Data and its (dis)contents: A survey of dataset development and use in machine learning research

Published 9 Dec 2020 in cs.LG | (2012.05345v1)

Abstract: Datasets have played a foundational role in the advancement of machine learning research. They form the basis for the models we design and deploy, as well as our primary medium for benchmarking and evaluation. Furthermore, the ways in which we collect, construct and share these datasets inform the kinds of problems the field pursues and the methods explored in algorithm development. However, recent work from a breadth of perspectives has revealed the limitations of predominant practices in dataset collection and use.

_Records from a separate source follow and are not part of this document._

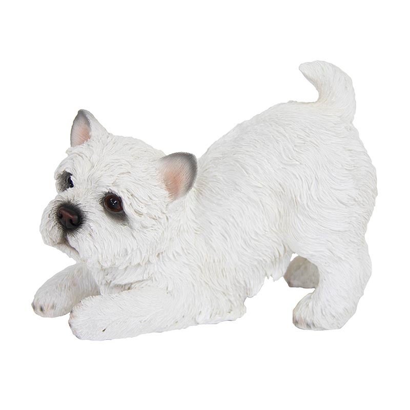This playing west highland terrier is almost indistinguishable from the real thing and made from polyresin. Suitable for in and outdoors, frost proof and UV proof.
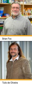 Brian Fox is the Chair of the Department of Biochemistry in the College of Agricultural and Life Sciences at the University of Wisconsin-Madison. Tulio de Oliveira is the Director of the Centre for Epidemic Response and Innovation (CERI) at Stellenbosch University.
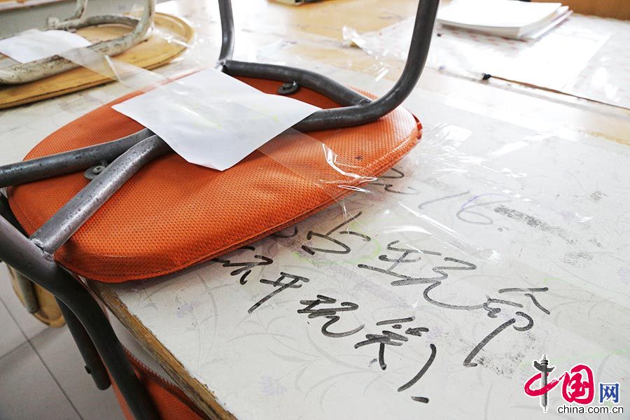 Students stick chairs on the desk with scotch tape and leave a message "Don't touch it, or I will risk my life to fight you."(Photo/China.com.cn)
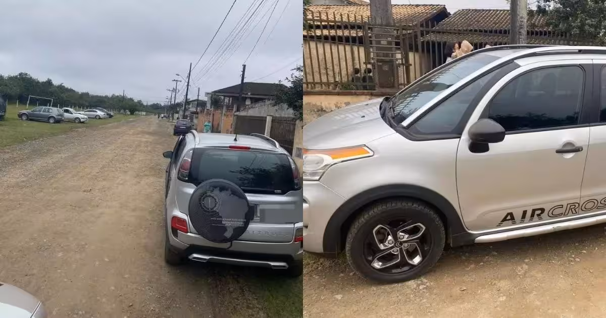 Neste momento, chegou uma vizinha no portão chamando o homem. Os assaltantes se assustaram e saíram pegando a chave do carro e levando o veículo, um Citroën C3.
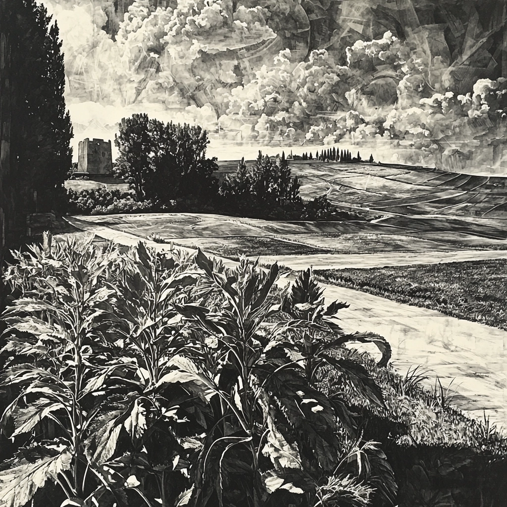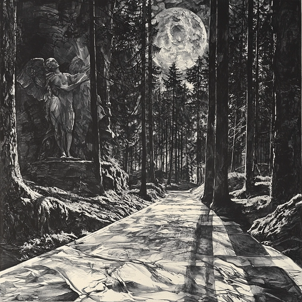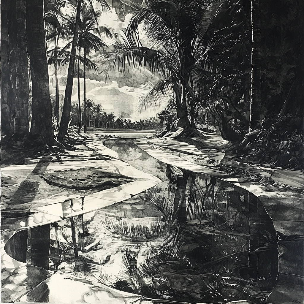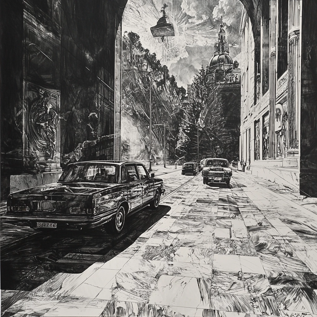 The interplay of light and shadow creates a dramatic spatial depth, with a keen emphasis on texture and detail. The grayscale palette reinforces contrasts, enhancing the perception of dimensionality and structure within the scenes.
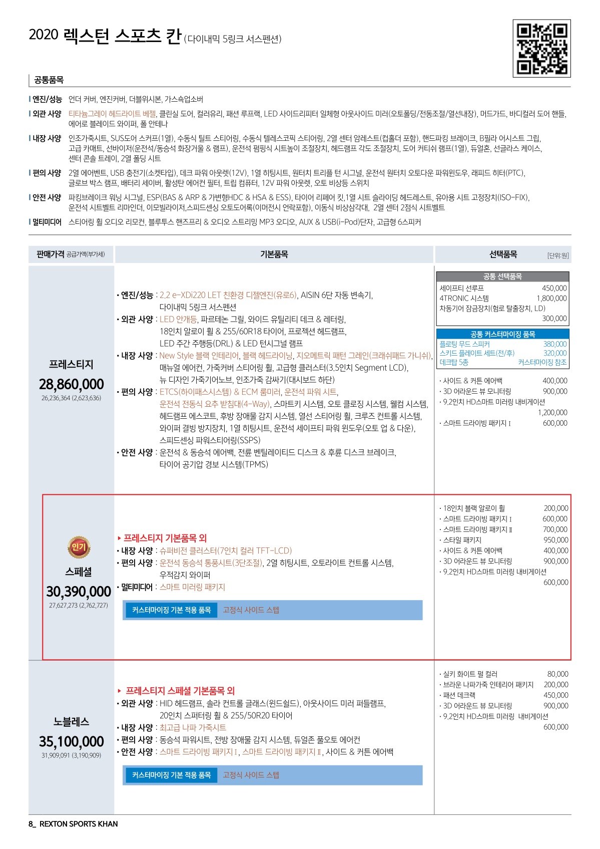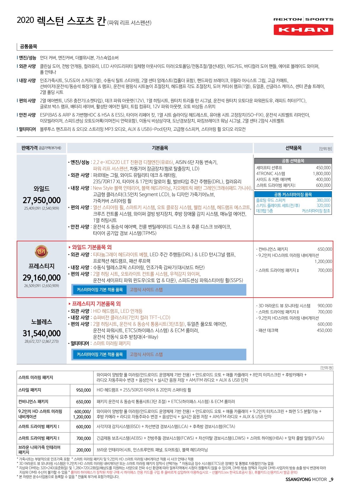 2019년 9월 렉스턴 스포츠 신차가격표 (2020년형 출시)
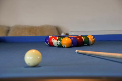 I husets anden ende finder I det imponerende aktivitetsrum, som uden tvivl bliver et naturligt samlingspunkt under ferien. Her kan I udfordre hinanden i billard, bordtennis, bordfodbold og dart, og der er rig mulighed for mange timers sjov og konkurrence.
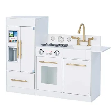 Show moreStep into the world of imaginative play with the Teamson Kids Little Chef Charlotte Modern Modular Interactive Wooden Play Kitchen. This exquisite play kitchen combines contemporary design with interactive features to spark creativity in young chefs. Crafted in a sleek white finish with elegant gold hardware, it includes a refrigerator, stove, and sink, offering a realistic cooking experience. The refrigerator comes with a built-in icemaker and play ice cubes, while the oven features clicking and turning knobs for added fun. With ample storage space for play food, dishes, and cleaning supplies, this kitchen is as practical as it is beautiful. The modular design allows the refrigerator to separate from the oven/sink combo, offering flexibility in playroom layout. Made of durable engineered wood, this play kitchen is built to last and easy to clean, making it a safe and stylish choice for children aged 3 and up.
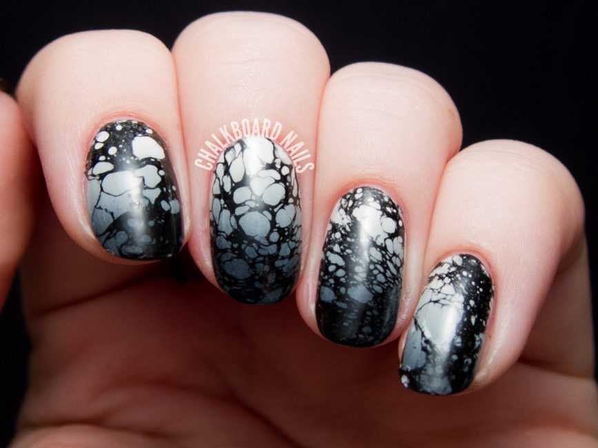 - Черный мраморный маникюр;
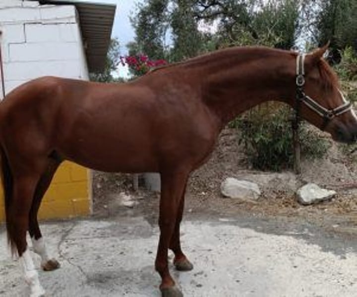 n ideal companion for training and walks. This chestnut horse is a real charm. He has such a sweet character that he lets himself be done without hesitation. His serene attitude is perfect for a horse rider who seeks to enjoy the experience without rushing or tension. He is young, but his way of being brings you a calmness that makes everything easier and more relaxed, whether during walks or the first dressage lessons. What really sets him apart is his ability to adapt. He is the kind of horse that, with his affectionate and obedient nature, makes you feel accompanied at every step. If you are looking for a manageable, reliable companion with a big heart, this chestnut is for you. At IberHorse we select horses with exceptional character that are truly worth the investment. If you think this one fits what you're looking for, let's talk.
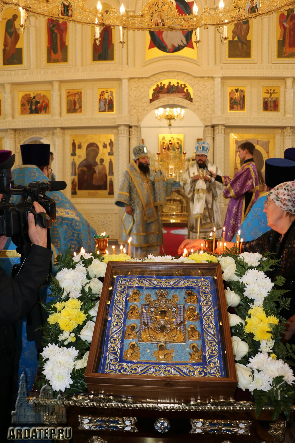 That evening, the people of Atyashevsk welcomed the icon. The clergymen of the region performed a moleben and akathist and anointed everyone with unction. The visit of the Queen of Heaven in the form of the Kursk-Root Icon will long be remembered in the area.
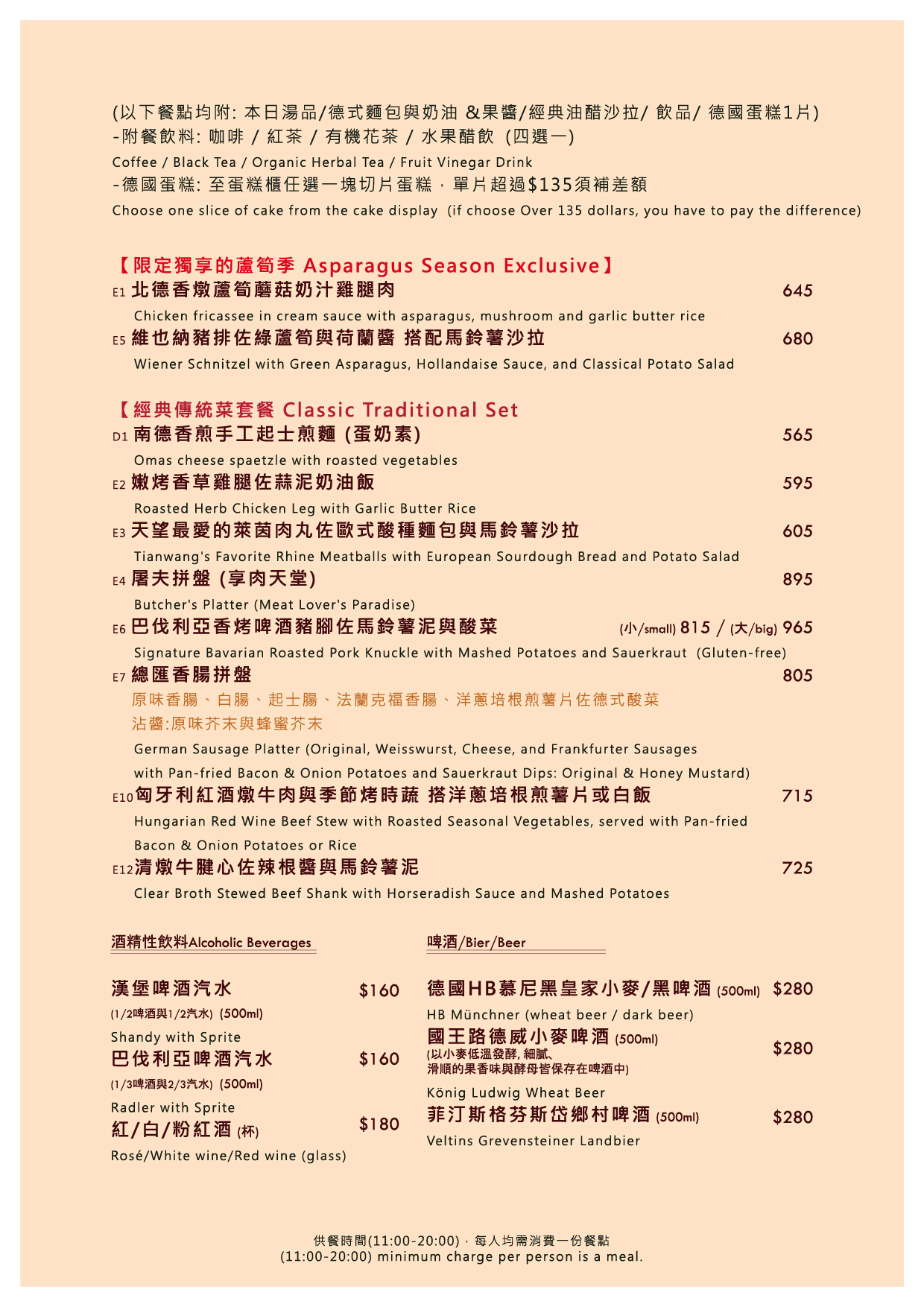若偏好精緻的個人套餐,我們特別推薦兩款經典德式蘆筍主餐:
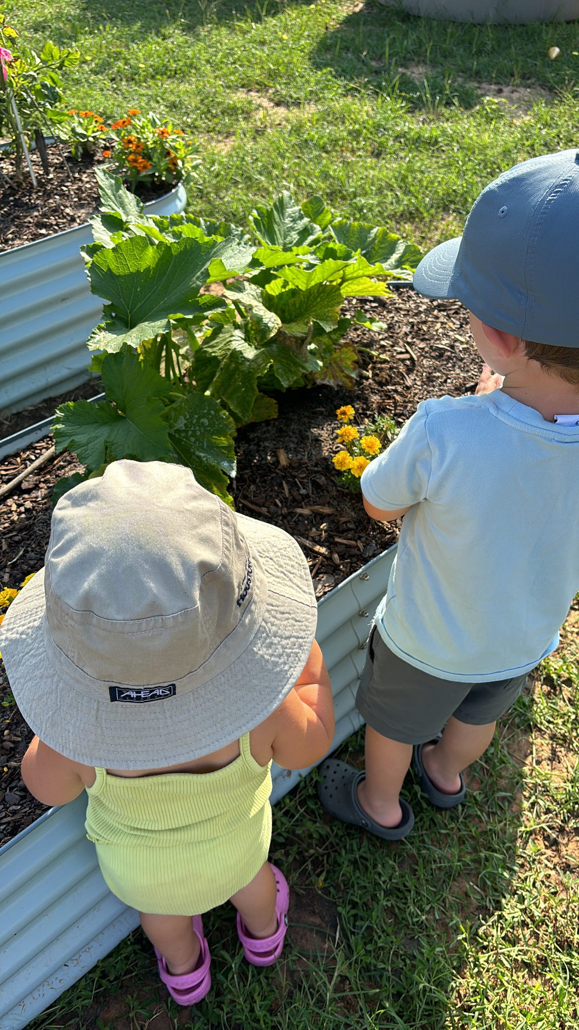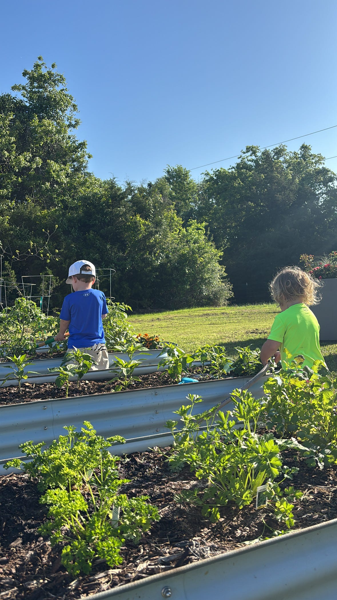 Children can even try new foods, expanding their palates! Perhaps they won’t eat a snap pea on their plate, but they’ll eat one off the vine in the garden. They look forward to our daily tending, knowing it’s part of our routine to go water or weed. They look for bugs, they chase butterflies, they make mud pies. It makes for a sweet, simple piece of childhood and nurtures their love for nature.

In this paper, we survey the many concerns raised about the way we collect and use data in machine learning and advocate that a more cautious and thorough understanding of data is necessary to address several of the practical and ethical issues of the field.

Abstract PDF Upgrade to Chat

Citations (474)

View on Semantic Scholar

Summary

The paper rigorously surveys dataset practices in ML and exposes significant representational biases and ethical concerns.
The paper highlights how spurious data artifacts lead models to rely on superficial correlations rather than genuine reasoning.
The paper critiques inadequate documentation and ethical oversight, urging a shift toward more responsible, context-aware dataset development.

An Analysis of Dataset Practices in Machine Learning

The paper "Data and its (dis)contents: A survey of dataset development and use in machine learning research" by Amandalynne Paullada and colleagues provides a critical examination of datasets, which are pivotal in ML research. The authors meticulously dissect both the strengths and pitfalls of current dataset practices in ML, emphasizing the scientific and ethical implications of data usage.

Key Points

The paper discusses the foundational role of datasets, highlighting their significance in both model development and evaluation. However, it reveals several concerns regarding dataset collection and use:

Represenational Bias: A major issue identified is the under-representation of diverse sociodemographic groups. This is evident in datasets that skew towards Western-centric data or under-represent certain racial and gender groups.
Spurious Data Artifacts: The research points to the reliance of ML models on artificial cues rather than genuine task-related reasoning. This is often due to unintentional correlations in datasets that models exploit.
Legitimization of Unjust Tasks: The paper argues that some datasets erroneously legitimize pseudoscientific tasks, such as predicting personal traits from facial images, which are not only ethically dubious but also scientifically unsound.
Annotation and Documentation: The paper identifies a lack of rigorous documentation and annotation standards, contributing to the inadequate representation of real-world tasks, thus hindering replicability.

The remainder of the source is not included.